STUDY MATERIAL:
- Opening Delimiter -

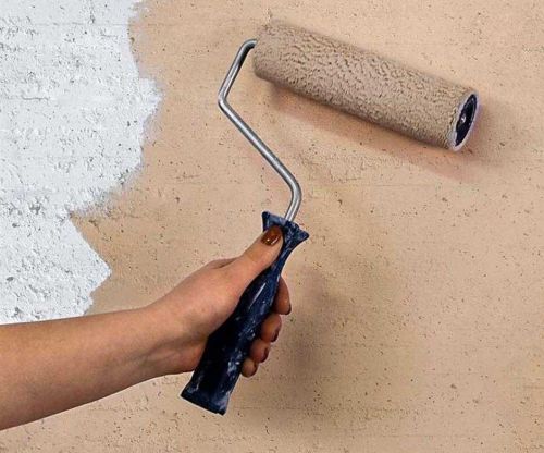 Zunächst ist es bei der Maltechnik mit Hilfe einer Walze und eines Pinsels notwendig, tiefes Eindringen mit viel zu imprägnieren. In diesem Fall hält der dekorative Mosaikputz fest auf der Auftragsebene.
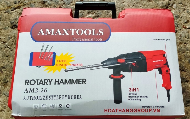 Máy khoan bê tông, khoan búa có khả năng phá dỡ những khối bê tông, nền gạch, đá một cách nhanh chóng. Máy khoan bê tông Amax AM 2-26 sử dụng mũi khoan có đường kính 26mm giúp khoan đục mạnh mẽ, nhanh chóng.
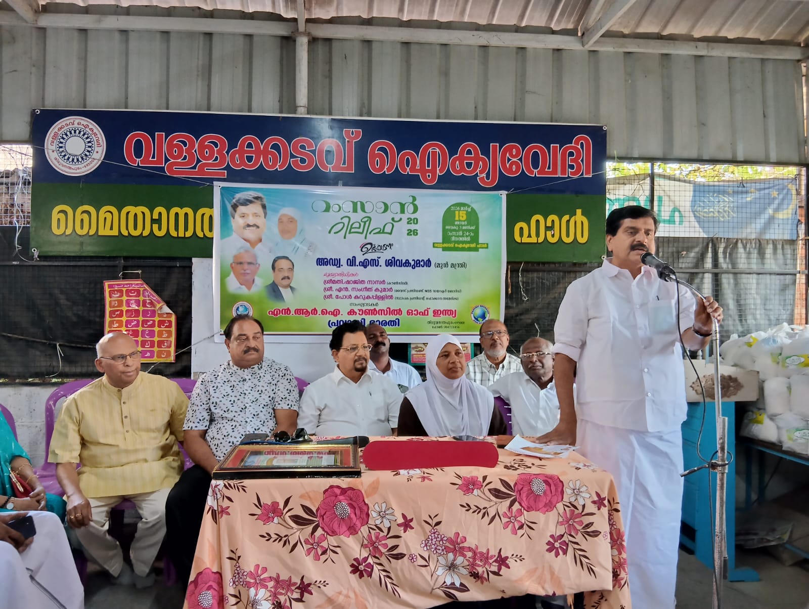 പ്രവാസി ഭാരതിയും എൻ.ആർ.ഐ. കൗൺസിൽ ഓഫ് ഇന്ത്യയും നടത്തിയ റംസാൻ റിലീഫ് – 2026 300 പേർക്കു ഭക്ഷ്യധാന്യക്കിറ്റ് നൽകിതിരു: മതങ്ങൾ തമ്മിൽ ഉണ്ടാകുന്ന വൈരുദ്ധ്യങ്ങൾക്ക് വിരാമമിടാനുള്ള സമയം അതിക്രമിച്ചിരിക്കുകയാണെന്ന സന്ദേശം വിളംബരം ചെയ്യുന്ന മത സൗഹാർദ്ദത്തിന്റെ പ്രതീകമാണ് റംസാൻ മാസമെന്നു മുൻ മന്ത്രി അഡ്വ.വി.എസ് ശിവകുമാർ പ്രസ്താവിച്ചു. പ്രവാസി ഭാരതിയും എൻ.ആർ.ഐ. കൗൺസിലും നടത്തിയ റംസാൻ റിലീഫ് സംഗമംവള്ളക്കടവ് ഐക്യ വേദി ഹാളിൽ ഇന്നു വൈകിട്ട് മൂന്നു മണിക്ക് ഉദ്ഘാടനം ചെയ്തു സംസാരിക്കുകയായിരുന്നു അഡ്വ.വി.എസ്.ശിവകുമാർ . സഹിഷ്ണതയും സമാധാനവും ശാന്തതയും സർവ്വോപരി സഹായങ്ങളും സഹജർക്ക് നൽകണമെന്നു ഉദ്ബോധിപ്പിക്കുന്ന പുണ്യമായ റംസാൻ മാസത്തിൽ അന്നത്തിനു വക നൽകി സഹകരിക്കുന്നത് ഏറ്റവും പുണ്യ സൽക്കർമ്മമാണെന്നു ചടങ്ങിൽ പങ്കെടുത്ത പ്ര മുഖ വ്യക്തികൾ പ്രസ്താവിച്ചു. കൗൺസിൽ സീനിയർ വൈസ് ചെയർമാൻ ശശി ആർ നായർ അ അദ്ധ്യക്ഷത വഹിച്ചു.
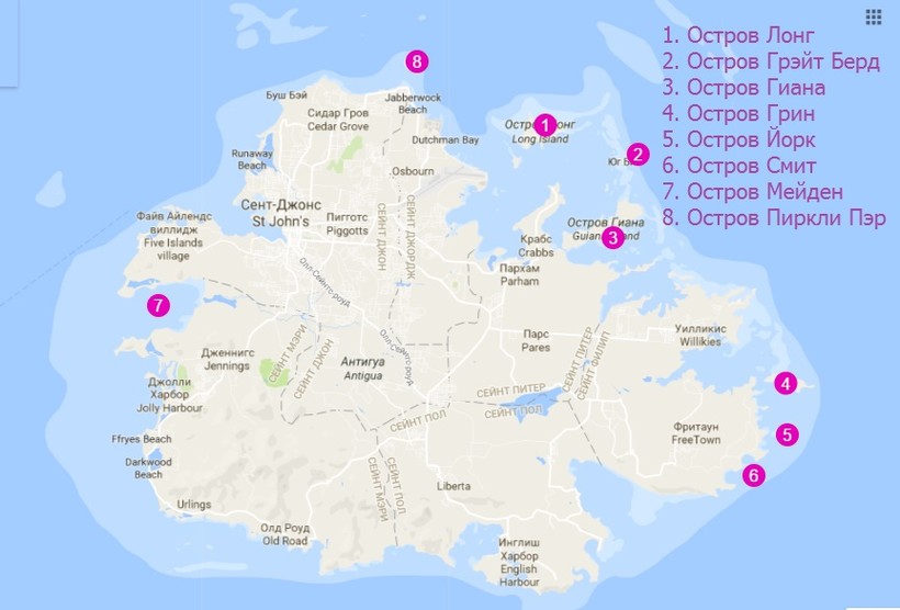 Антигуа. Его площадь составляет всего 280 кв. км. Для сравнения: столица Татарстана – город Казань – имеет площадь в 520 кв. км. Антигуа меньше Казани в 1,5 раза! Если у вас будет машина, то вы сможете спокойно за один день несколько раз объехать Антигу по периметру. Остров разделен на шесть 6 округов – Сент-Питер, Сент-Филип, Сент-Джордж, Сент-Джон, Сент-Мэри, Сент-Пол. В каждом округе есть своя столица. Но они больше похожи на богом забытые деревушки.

- Closing Delimiter -
- Opening Delimiter -

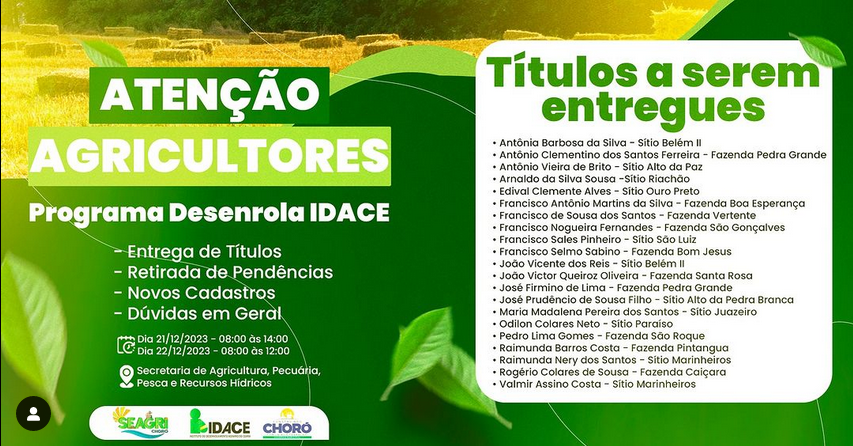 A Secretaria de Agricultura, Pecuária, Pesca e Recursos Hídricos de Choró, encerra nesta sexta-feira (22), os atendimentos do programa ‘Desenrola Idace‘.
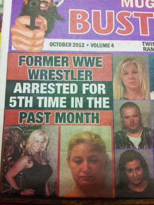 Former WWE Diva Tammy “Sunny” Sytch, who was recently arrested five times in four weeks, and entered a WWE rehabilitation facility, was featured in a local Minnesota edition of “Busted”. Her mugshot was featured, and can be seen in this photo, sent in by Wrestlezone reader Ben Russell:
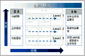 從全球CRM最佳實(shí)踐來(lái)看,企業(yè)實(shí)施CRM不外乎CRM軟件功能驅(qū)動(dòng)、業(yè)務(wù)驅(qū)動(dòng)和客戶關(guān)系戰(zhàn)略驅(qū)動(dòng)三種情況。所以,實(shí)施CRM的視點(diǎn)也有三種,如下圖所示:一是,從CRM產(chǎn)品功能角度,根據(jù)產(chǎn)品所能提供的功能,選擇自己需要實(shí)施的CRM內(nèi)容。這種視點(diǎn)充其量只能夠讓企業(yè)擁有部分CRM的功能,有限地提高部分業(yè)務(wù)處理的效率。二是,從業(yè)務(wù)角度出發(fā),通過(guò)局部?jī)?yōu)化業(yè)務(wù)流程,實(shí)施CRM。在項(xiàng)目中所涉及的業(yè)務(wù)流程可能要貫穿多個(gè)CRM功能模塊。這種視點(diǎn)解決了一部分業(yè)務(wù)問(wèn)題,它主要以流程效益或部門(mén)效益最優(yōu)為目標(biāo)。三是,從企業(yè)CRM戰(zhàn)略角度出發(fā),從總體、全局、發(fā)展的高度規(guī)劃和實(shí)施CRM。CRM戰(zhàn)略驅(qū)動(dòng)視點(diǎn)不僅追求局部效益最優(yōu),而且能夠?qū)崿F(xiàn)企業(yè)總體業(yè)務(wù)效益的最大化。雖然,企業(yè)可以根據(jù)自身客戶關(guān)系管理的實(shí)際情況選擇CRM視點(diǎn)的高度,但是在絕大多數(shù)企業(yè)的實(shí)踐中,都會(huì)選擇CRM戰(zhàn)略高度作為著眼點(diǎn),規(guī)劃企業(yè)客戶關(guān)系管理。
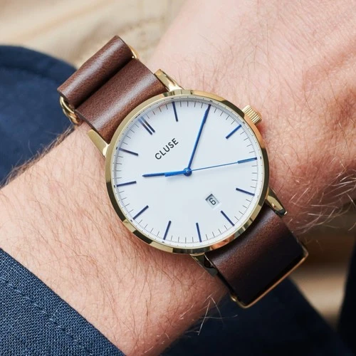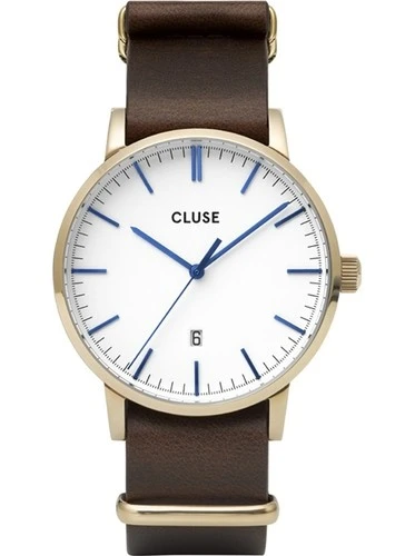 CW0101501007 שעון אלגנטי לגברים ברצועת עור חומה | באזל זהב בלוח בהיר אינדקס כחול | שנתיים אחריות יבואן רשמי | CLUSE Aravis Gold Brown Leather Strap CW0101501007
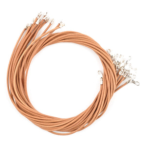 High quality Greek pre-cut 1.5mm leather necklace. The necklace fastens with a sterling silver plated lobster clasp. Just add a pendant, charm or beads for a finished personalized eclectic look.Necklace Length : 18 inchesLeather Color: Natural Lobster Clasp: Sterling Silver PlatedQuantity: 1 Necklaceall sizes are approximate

- Closing Delimiter -

Starting at the line above that contains "A Secretaria de", transcribe every line exactly through the line that contains "Former WWE Diva", including that last one, and skip the pictures.

 A Secretaria de Agricultura, Pecuária, Pesca e Recursos Hídricos de Choró, encerra nesta sexta-feira (22), os atendimentos do programa ‘Desenrola Idace‘.
 Former WWE Diva Tammy “Sunny” Sytch, who was recently arrested five times in four weeks, and entered a WWE rehabilitation facility, was featured in a local Minnesota edition of “Busted”. Her mugshot was featured, and can be seen in this photo, sent in by Wrestlezone reader Ben Russell:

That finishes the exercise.